How can I attach sensors without a shield for a wearable project?

Question

I am looking for a solution regarding the gsr, accelerometer, heart rate, skin temperature. From this other question seems that Grove isn't clear enough with their documentation. So I am looking for other ideas. I already know cooking hacks and I am afraid that with their hardware I can't make my Arduino wearable and comfortable enough, because at the end I'd like to attach a lithium battery with a case (that's why I don't want the extra bulk of a shield).

More details of what I am looking for.

Accelerometer: Range: +/- 1.0g Minimum resolution: 0.01g

Galvanic Skin Response Range: 56k Ohms to 20M Ohms Two-standard-deviation error of +/- 4.0% otherwise

Skin Temperature Range: 20.0°C to 40.0°C Resolution: 0.05°C Error: +/- 0.8°C

Answer 1

The accelerometer may be pretty easy (since it may not need to be in close contact with the person), but the GSR and skin temperature will need to be touching the person to work.

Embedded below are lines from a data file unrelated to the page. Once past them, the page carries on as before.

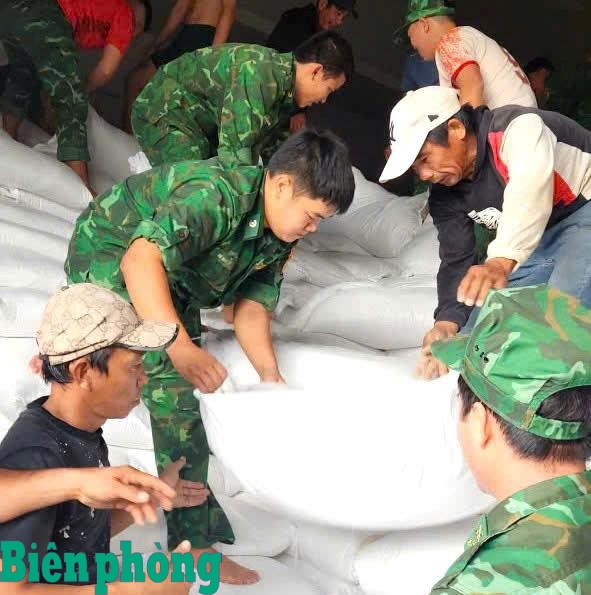 Cán bộ, chiến sĩ Đồn Biên phòng Vạn Hưng, BĐBP tỉnh Khánh Hòa phối hợp với các đơn vị bốc xếp gạo tại Kho dự trữ quốc gia Bắc Ninh Hòa trao tặng cho bà con vùng ngập lụt. Ảnh: CTV
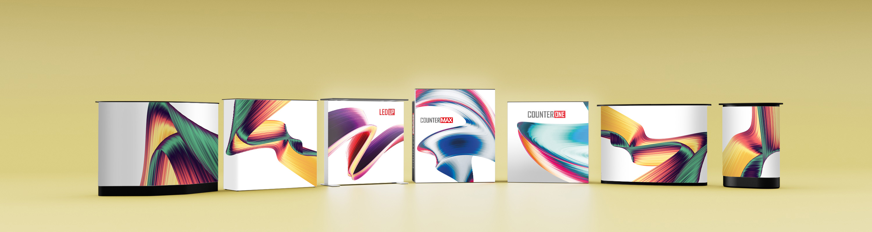 Das umlaufende Grafikpanel wird mit einem Klettverschluss befestigt. Mit der optionalen klappbaren Tischplatte haben Sie eine große Arbeitsfläche von 76x48 cm , um Ihre Produktivität bei der nächsten Veranstaltung oder Messe zu steigern.
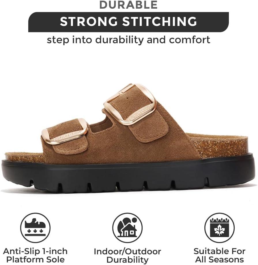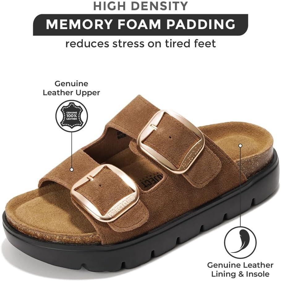 Project Cloud Genuine Leather Platform Sandals Women Footwear – Wedge Chunky Sandals Womens sandals with Memory Foam Insole and Cork Footbed (GREECECHUNKY)(Fosssuede)
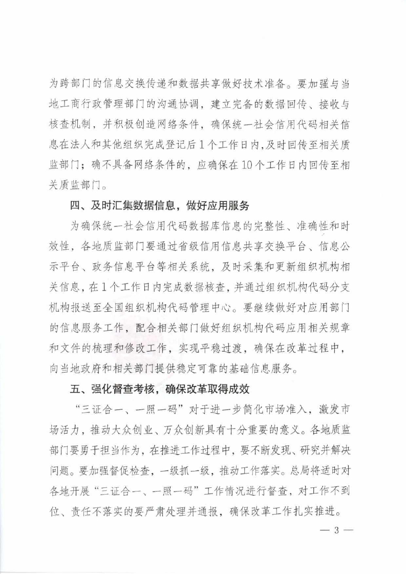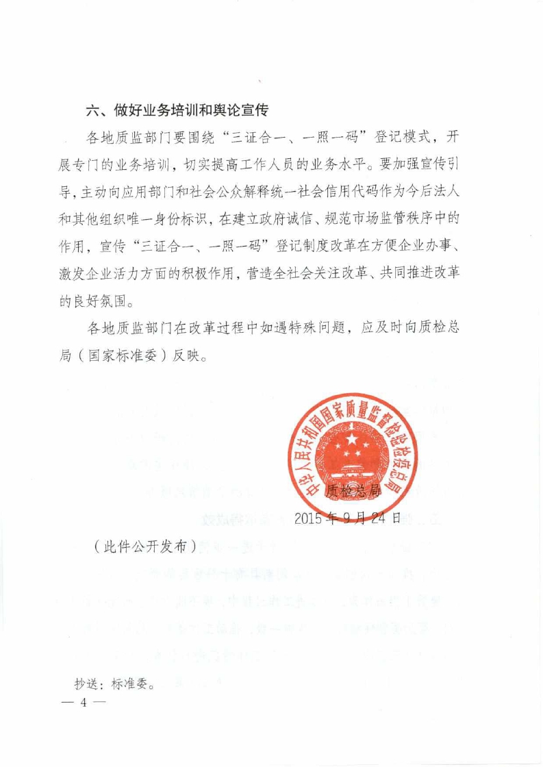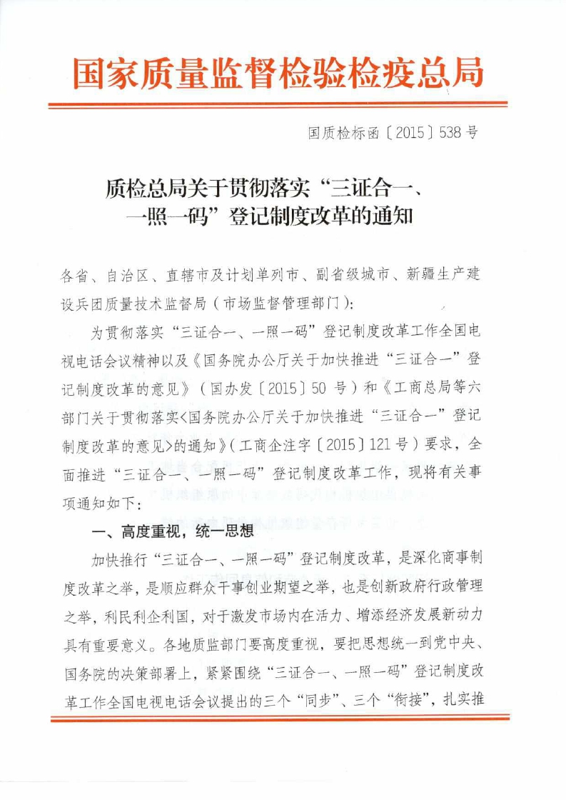 國質(zhì)檢標(biāo)函〔2015〕538號《質(zhì)檢總局關(guān)于貫徹落實(shí)“三證合一、一照一碼”登記制度改革的通知》

The first thing you will want to do is to identify the sensors that you want to use, and then come up with some ideas for how to make them wearable so that you can measure the parameters that you're looking for. Will you be able to attach them with straps, or does the attachment need to be more subtle or more comfortable? Small breakout boards are handy, but they may make the sensor uncomfortable to wear.

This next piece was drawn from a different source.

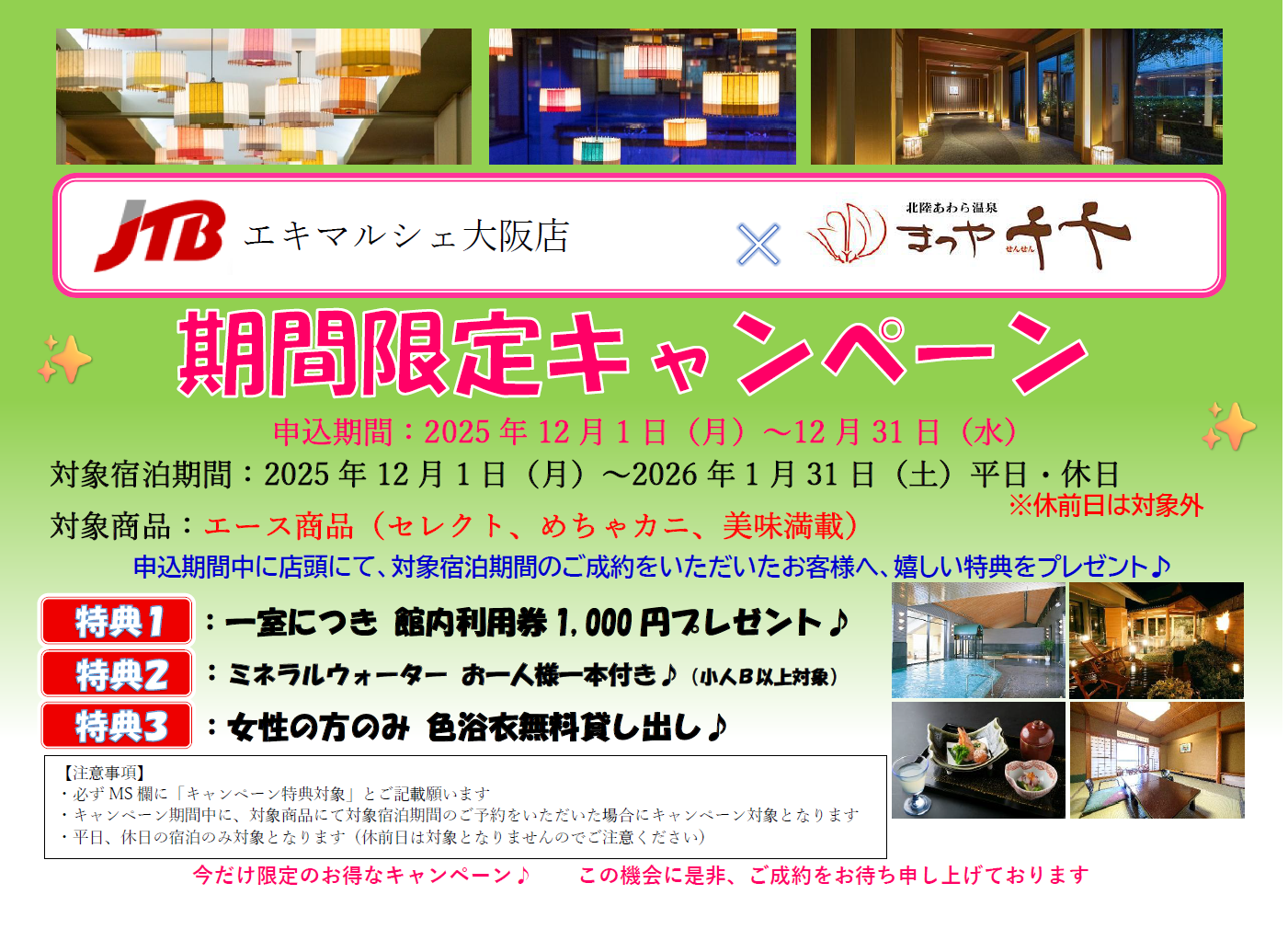 2025年12月1日(月)~2026年1月31日(土)の平日・休日(休前日は対象外)

I'd suggest taking at look at the Adafruit site for some ideas on wearables and sensor interfacing. There is a lot of useful information there and much of it focuses on Arduino based designs. For the most part the sensors they sell and use are well documented either with data sheets or code (or both).

Answer 2

I ran into a similar quandary when making a prototype for a device that needed real test-data from an external, glove-worn accelerometer. I wound up running the data/power/etc pins from my Arduino board to a female RJ-45 jack (I've used a telephone jack on another project where only 4 wires were needed). Then I cut an old cat-5 network cable in half and soldered the wire-ends to data/power/etc pins on my external sensor board. This allowed me to separate one component's wiring scheme from the other's. (FYI: longer lengths of cable between components does increase the risk of noise/interference corrupting digital signals. This can usually be resolved by reducing data rates or by adding a few resistors/capacitors to filter the signal, but I have limited knowledge on this)

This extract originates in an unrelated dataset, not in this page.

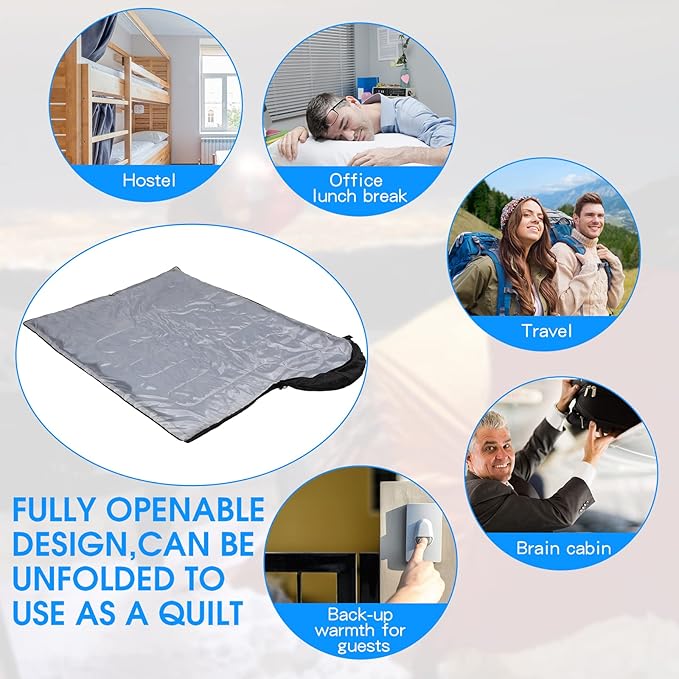 • Lightweight and Portable: each adult sleeping bag weight around 2 pounds, come with a compression sack, lightweight and easy to carry around. Roll control design makes folding quick and convenient to storage, saving you more time, suitable for indoor and outdoor use

Even if you don't have any old RJ45 cables/jacks laying around, it can really help to find some way to "modularize" the various pieces that will be working together when your device is complete. If you're familiar with object oriented programming, think of it as "designing an interface" for each component. Then, even if you completely redesign the wiring for a particular component, you only need to ensure that your "interface" (aka connection) is the same, and you wont need to resolder anything on the other end of the line.

Answer 3

For accelerometer sensing I used LIS3DH from STMicroelectronics, its low power(down to 2uA), small (LGA package 3x3x1 mm) and has cool build-in features (like orientation, tap and doble tap detection among other things). http://www.st.com/web/catalog/sense_power/FM89/SC444/PF250725?icmp=pf250725_pron_pr_feb2014 and there are a lot of libraries like https://github.com/adafruit/Adafruit_LIS3DH

For intro to GSR check this project http://cwwang.com/2008/04/13/gsr-reader/ Pretty easy ;) More advanced design will require a signal generator and an instrumentation amplifier. An example of such design can be found here https://www.maximintegrated.com/en/design/reference-design-center/system-board/6147.html/tb_tab1 Another interesting project is the truth wristband http://produceconsumerobot.com/truth/

The temperature part can be done with a thermistor (IC temperature sensors do not compliant with your resolution spec) and a bridge circuit. For reference check this sensor http://www.digikey.com/product-detail/en/PR103J2/615-1069-ND/2651611 and also some literature about Wheatstone Bridge http://www.ametherm.com/thermistor/ntc-thermistors-temperature-measurement-with-wheatstone-bridge

Hope be helpful.